I knew an appaloosa that looked a LOT like this one.. and that horse was a spectacular jumper.. and when I say spectacular I mean he could and did jump 7 feet. I mean Grand Prix spectacular. I think that horse is standing funny on that left fore because of the sand hand he is about to move it. 

This horse is not perfect.. but he looks much like a Thoroughbred. I would risk him and I would see if he could jump.. assuming you get the moonblindness under control and he can SEE.


----------



## Drifting (Oct 26, 2011)

Found a video of her riding him.
https://www.youtube.com/watch?v=ohMiGtqGPK0


They're coming tomorrow evening to see Sammy, and they're bringing this gelding for me to try (Saves me driving 2 hours to see them.) I'm going to put the gelding in our QT paddock while we deal with Sammy then tack up the gelding and see how he goes. And my dog is getting neutered tomorrow, so it will be a long day!


----------



## Endiku (Dec 6, 2010)

Ok, I know I keep being picky, but check his hooves tomorrow too. They look REALLY clubby up front to me in the video for some reason? They aren't in the photos so unless I'm crazy, I'm voting very bad trim job. At least he seems sound still!


----------



## flytobecat (Mar 28, 2010)

Not much of an Appy person, but he looks nice.


----------



## sparks879 (Apr 14, 2013)

he appears clubby in the front, especially the left, and he stand under himself in the back. otherwise I think hes cute. It may be worth it to get some more pictures, plus a video of movement for opinions. I would also do a PPE.


----------



## livelyblueyes (Apr 5, 2014)

Endiku said:


> He's super cute. In the tacked up- facing forward photo though, am I the only one who sees a SUPER wonky left fore? It looks like it twists out, starting up high in the knee.
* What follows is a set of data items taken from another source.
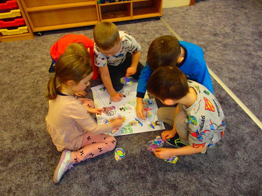DĚTI JSOU VEDENY K VZÁJEMNÉ SPOLUPRÁCI VE SKUPINÁCH, PROHLUBUJÍ SVÉ ZNALOSTI I VĚDOMOSTI K DANÉMU TÉMATU. ROZVÍJÍ SCHOPNOST SE DOMLUVIT A VYJÁDŘIT SVŮJ VLASTNÍ NÁZOR PŘI PLNĚNÍ ZADANÉHO ÚKOLU.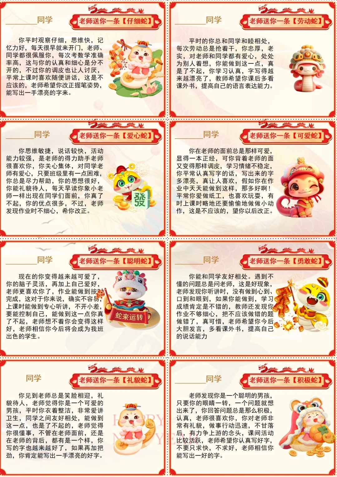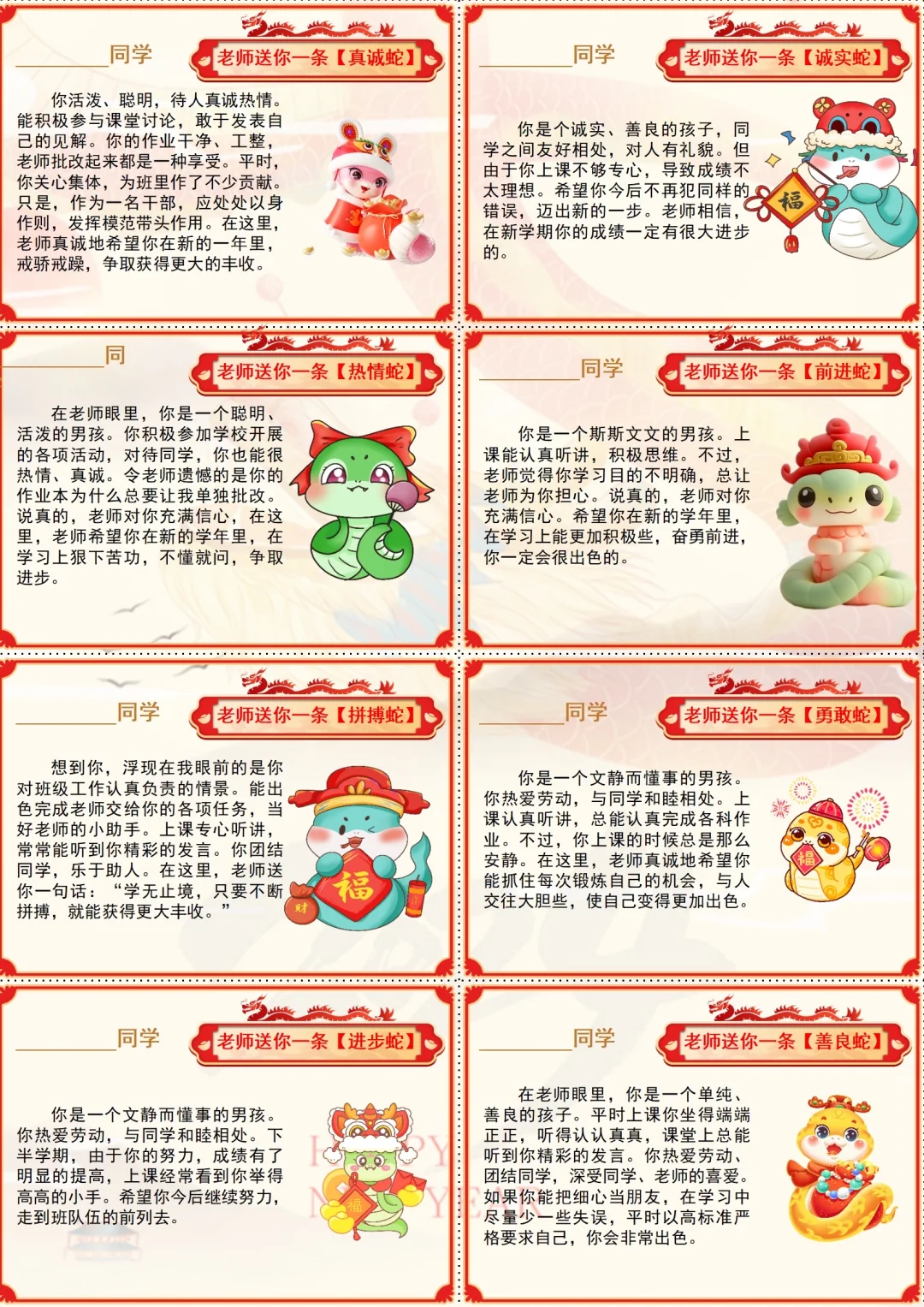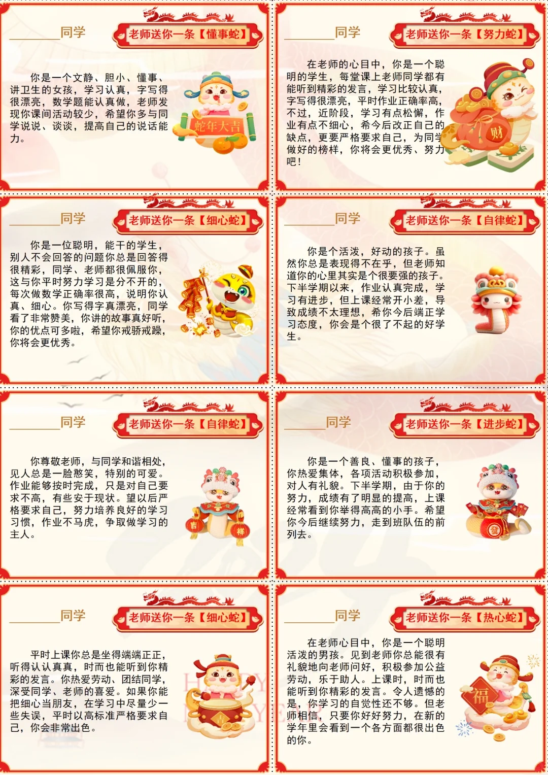 这样的幼儿园蛇年期末评语,每个孩子都开心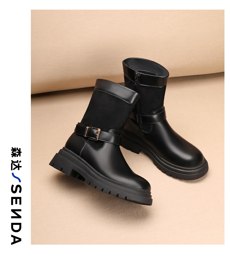 | 鞋底材质:橡胶底 | 靴筒内里材质:织物面料人造革 | 内增高:无 | 鞋面材质:复合材料牛剖层皮革 | 闭合方式:侧拉链 |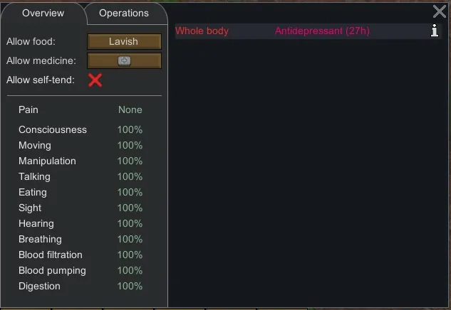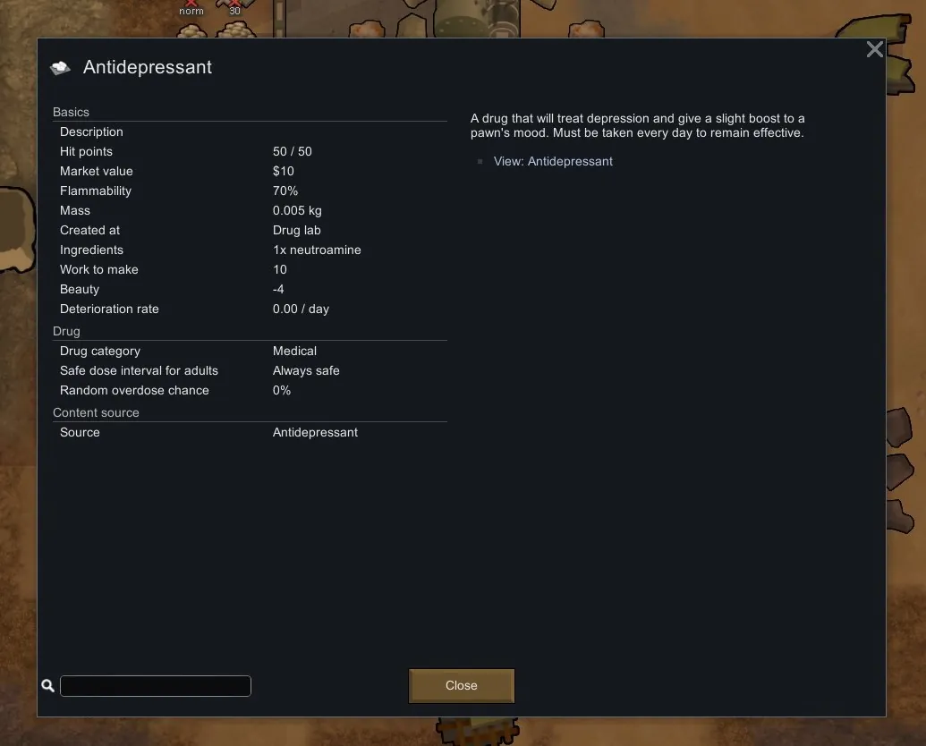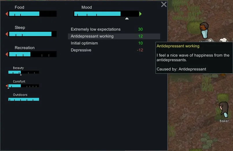 This mod adds an Antidepressant to the game, a drug that will give a mood boost to counter the mood debuff from a pawns depressive trait and is also able to give an overall boost to pawn mood if enabled in mod settings.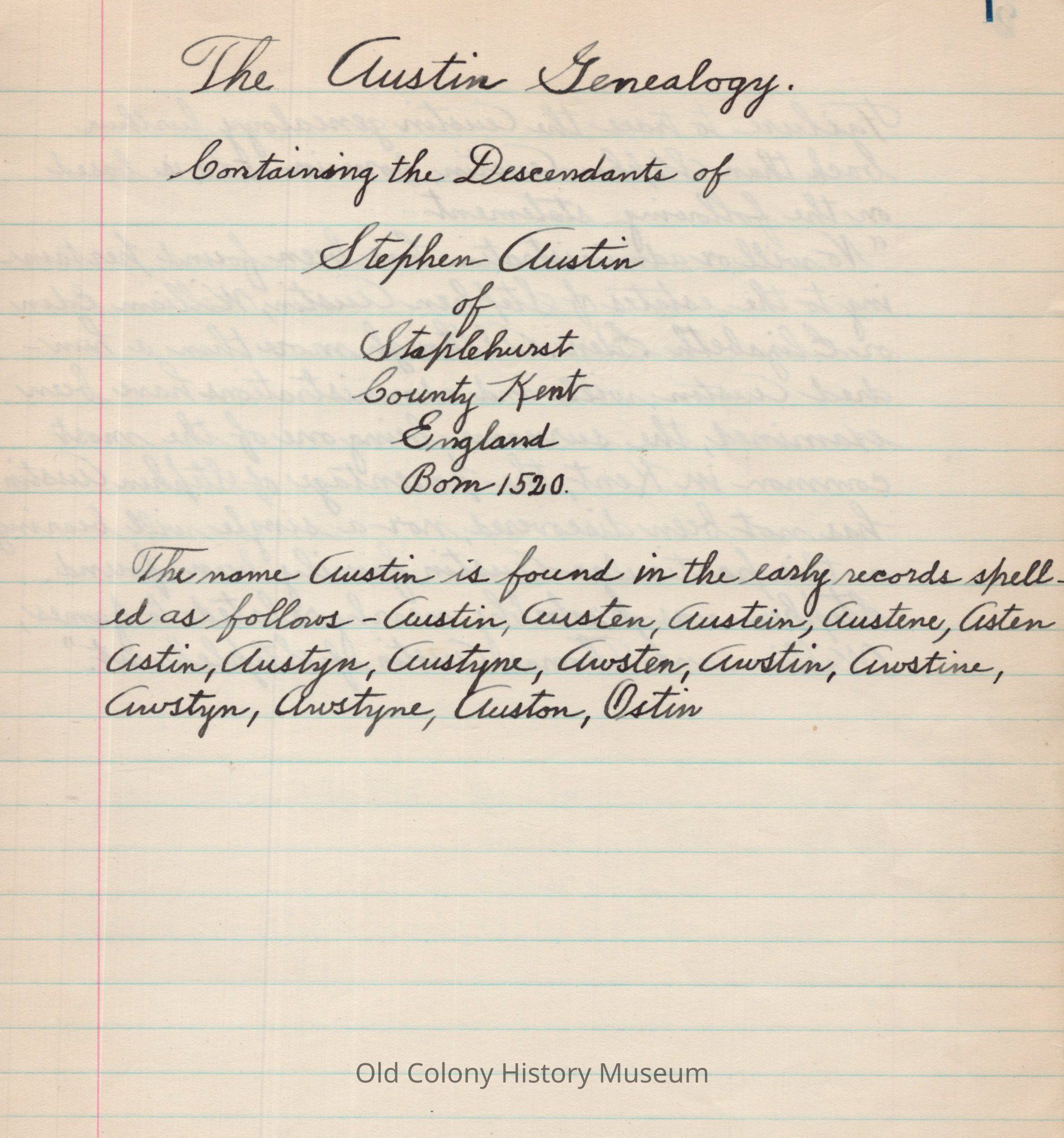 The Austin Genealogy Containing the Descendants of Stephen Austin of Staplehurst, County, Kent, England: Born 1520.

No you are not the only one. I would want a vet check and some xrays done on that leg.Just to be on the safe side. Otherwise if you like him go for it.


----------



## Drifting (Oct 26, 2011)

No club feet and his front legs were straight, he was just standing funny in that picture. 

Long night last night. It was raining by the time she got there, and after talking and seeing both horses, and doing a tour of the farm (My BO breeds Appaloosas), we were all soaked.

She brought the 10 year old when she came to see my 4 year old, who was being a _jerk._ I was sure she wouldn't take Sammy with the way he was acting, but she liked him as a project horse. He was in a foul, foul mood so at least she could see his charming personality at its worst. 

We went ahead and traded on a 2 week trial, enough time to get vet checks and things like that. 

I named the 10 year old Gamble, because I'm taking a gamble on him. He is so cute, his face is adorable. Him and my black and white Appaloosa will make for a colorful pair.

Meanwhile, I learned Sammy broke a window and the divider in her trailer on the way to her place. At least he stepped right up on the trailer?


----------